I left the sensors alone. “What?”

“ Novem Soles.” He said the words so softly I wasn’t sure I heard.

“What?”

“Have you heard that term before?”

“ Novem Soles? Sounds Latin. Novem is ‘nine,’ what is Soles?”

“Suns. Nine suns. Did Lucy ever use those words with you, ever mention them?”

This wasn’t a casual question. I stopped and I considered. He watched me. “No. What does it mean?” It sounded silly. But the Company gave computer-selected codes to every job, operation, or project, and this sounded like one of those code names. Nine suns? It meant nothing to me.

He studied me, and I wondered if the sensors on my chest were being monitored to see if I was lying. Howell smiled. “It means let’s go eat that good dinner.”

He went to the door and the nurse came in. She removed the catheter and the sensors and put the IV on a trolley. She helped me into a robe. I was weak and now starving, and I shuddered at the thought of accepting these bastards’ kindnesses. Food on a plate. Edible food, not the slop they’d given me. I’d eat it. I needed my strength.

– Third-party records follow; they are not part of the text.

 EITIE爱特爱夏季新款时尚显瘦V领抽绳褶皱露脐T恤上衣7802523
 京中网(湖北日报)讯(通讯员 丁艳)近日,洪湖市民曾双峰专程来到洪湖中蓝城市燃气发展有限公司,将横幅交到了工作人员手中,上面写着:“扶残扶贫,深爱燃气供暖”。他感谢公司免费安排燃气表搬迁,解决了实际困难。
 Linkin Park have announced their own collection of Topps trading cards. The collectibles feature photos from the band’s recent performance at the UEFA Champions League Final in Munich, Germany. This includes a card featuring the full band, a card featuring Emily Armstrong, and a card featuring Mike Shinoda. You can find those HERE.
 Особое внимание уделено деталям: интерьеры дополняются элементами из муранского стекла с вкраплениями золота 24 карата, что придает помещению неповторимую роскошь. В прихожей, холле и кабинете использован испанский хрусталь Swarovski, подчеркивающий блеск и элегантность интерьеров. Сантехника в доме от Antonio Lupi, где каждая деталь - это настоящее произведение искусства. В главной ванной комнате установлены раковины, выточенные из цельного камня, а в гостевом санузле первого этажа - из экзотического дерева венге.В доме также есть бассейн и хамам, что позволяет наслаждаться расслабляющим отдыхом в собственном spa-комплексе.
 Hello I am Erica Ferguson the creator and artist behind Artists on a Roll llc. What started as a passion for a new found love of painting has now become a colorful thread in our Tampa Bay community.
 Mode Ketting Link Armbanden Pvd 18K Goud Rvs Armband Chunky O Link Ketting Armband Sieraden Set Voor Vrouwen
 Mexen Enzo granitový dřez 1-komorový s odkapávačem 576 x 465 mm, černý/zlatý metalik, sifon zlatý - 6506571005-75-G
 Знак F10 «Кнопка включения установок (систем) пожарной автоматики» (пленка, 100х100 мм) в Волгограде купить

I stood up from the bed. Howell offered a steadying arm and I shook it away. Fine, I would take their food and their clothes and their false solicitude and I would get back on my feet. But I had no illusions. I was not Howell’s friend, or someone that he wanted to help, who might ever get his life or his job back. His words it didn’t happen rankled in my ear.

They hadn’t found Lucy in these long months, or the man with the question-mark scar. So they still needed me. Howell and his superiors had found something called Novem Soles, whatever that was, and they thought putting me back out in the real world might lead them to it.